TASK DETAILS: In the records below, the lines between the one holding "Sapatilha Infantil Bebê" and the one holding "Camarón crocante, vegetales", inclusive, are to be transcribed exactly; no pictures are to be included.
-- INFORMATION follows --
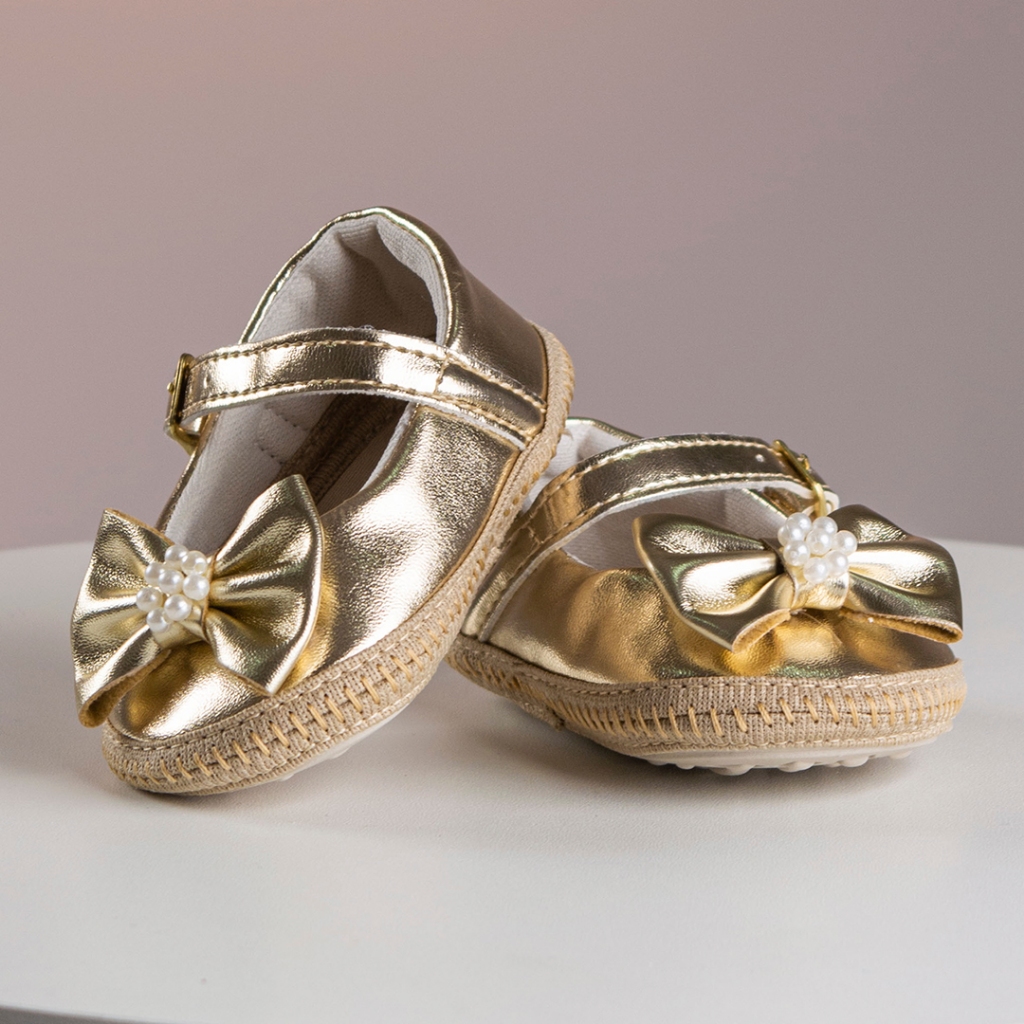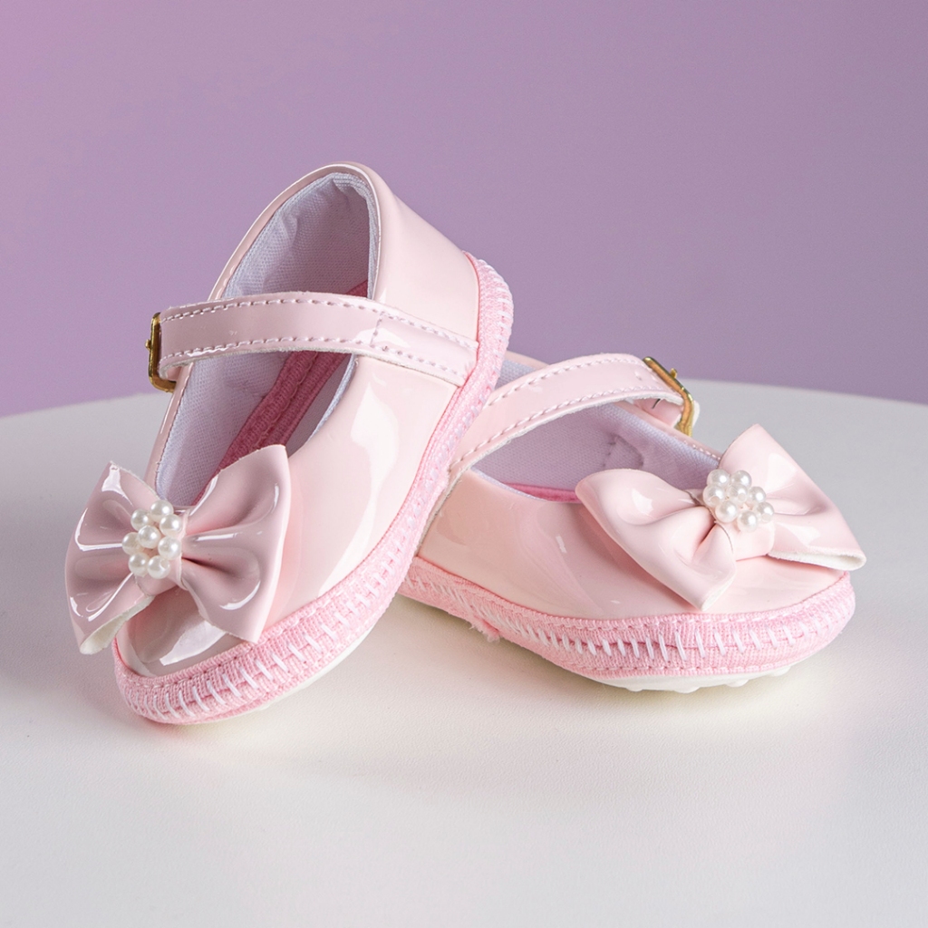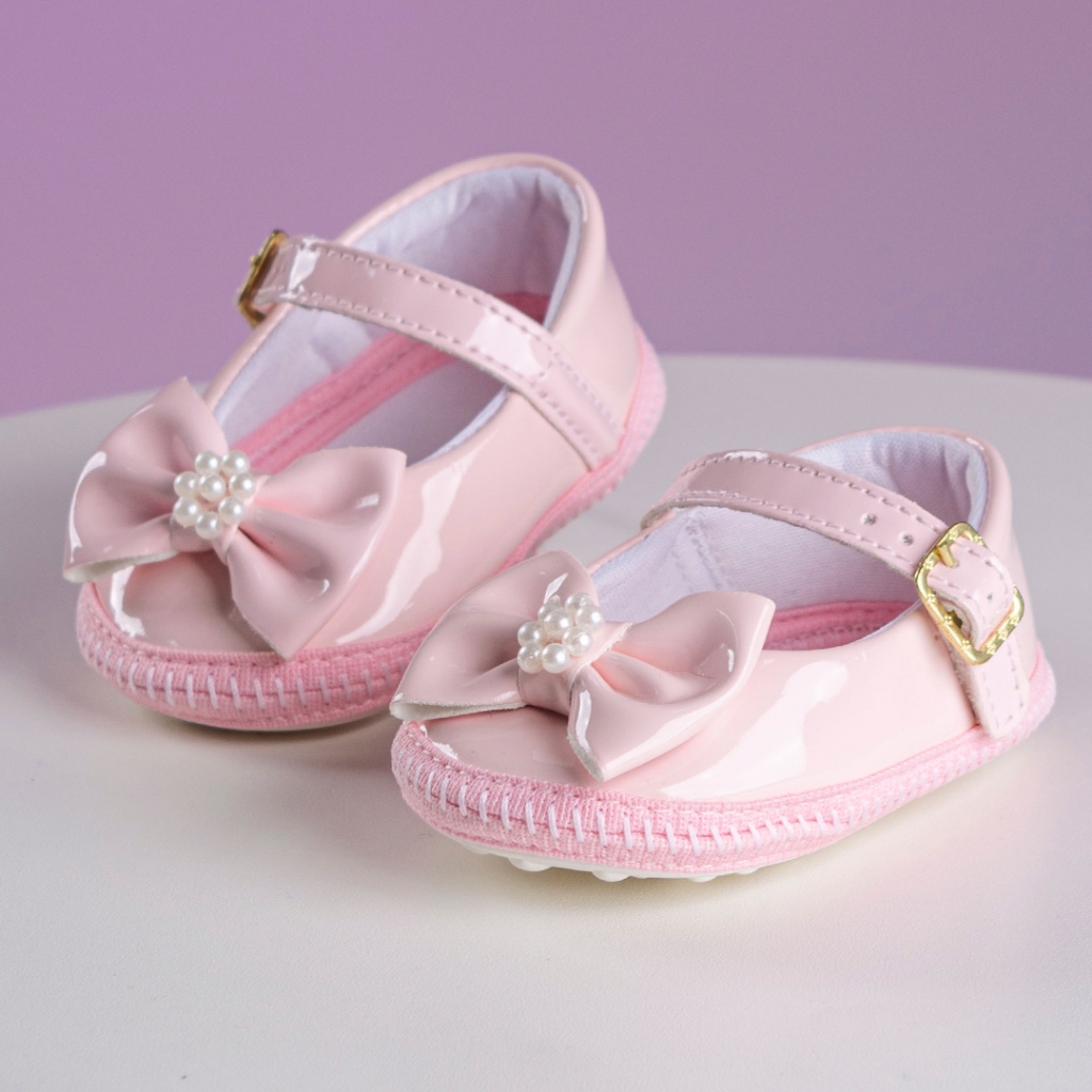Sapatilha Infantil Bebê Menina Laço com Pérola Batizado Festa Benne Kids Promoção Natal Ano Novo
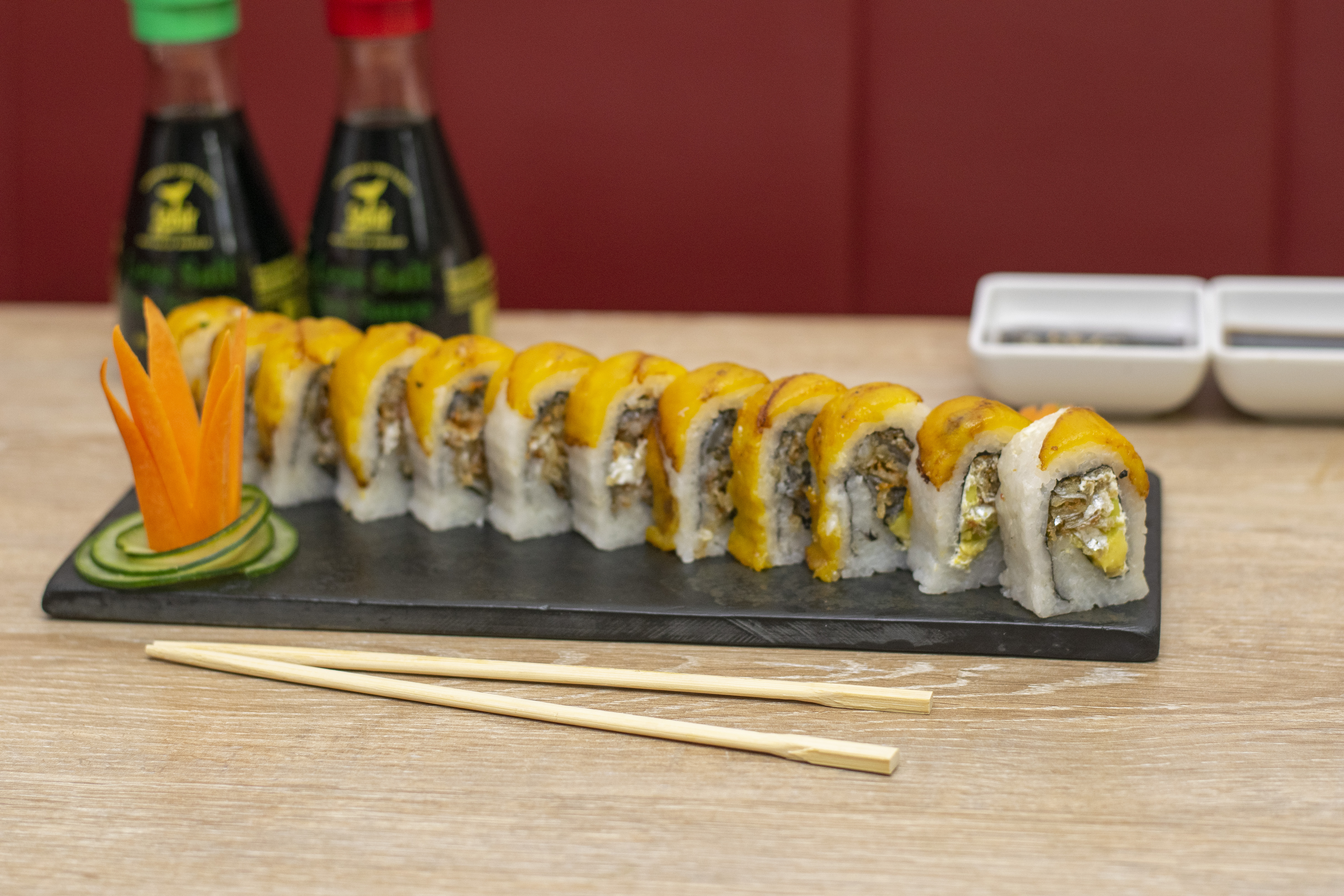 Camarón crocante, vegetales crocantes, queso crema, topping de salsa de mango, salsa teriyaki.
-- INFORMATION concluded --
-- INFORMATION follows --
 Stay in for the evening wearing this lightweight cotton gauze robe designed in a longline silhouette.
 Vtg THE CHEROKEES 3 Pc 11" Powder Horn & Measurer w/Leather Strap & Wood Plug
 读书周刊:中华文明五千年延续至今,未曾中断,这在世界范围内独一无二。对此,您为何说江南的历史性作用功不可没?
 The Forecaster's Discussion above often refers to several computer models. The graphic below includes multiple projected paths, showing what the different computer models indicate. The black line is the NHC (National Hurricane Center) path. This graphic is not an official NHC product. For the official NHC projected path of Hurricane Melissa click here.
-- INFORMATION concluded --
-- INFORMATION follows --
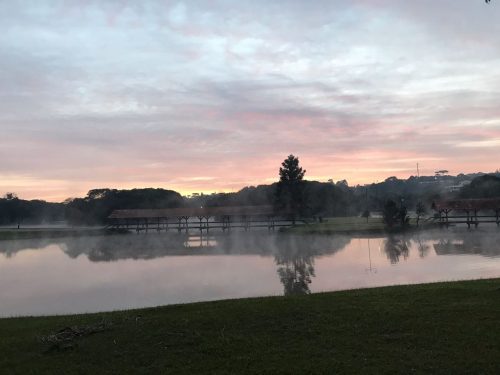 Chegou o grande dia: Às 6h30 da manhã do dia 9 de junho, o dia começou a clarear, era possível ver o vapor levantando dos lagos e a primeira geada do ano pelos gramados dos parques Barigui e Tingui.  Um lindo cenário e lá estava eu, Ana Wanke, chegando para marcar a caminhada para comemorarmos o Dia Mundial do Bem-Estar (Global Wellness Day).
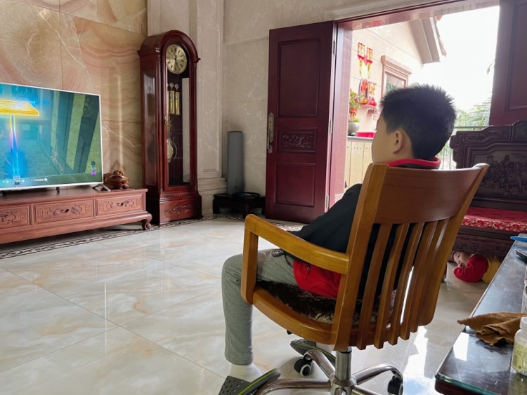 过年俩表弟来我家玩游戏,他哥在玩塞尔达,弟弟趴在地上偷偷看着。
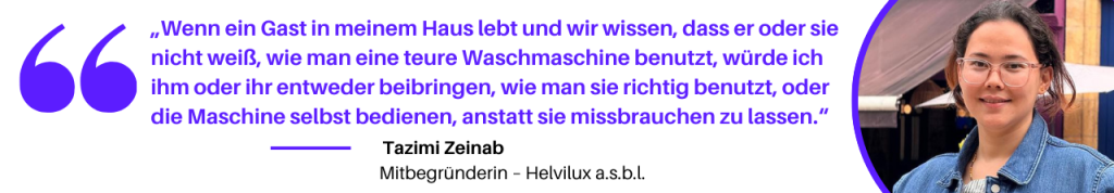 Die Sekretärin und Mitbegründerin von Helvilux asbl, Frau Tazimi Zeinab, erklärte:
-- INFORMATION concluded --
WRITTEN SOLUTION:
Sapatilha Infantil Bebê Menina Laço com Pérola Batizado Festa Benne Kids Promoção Natal Ano Novo
 Camarón crocante, vegetales crocantes, queso crema, topping de salsa de mango, salsa teriyaki.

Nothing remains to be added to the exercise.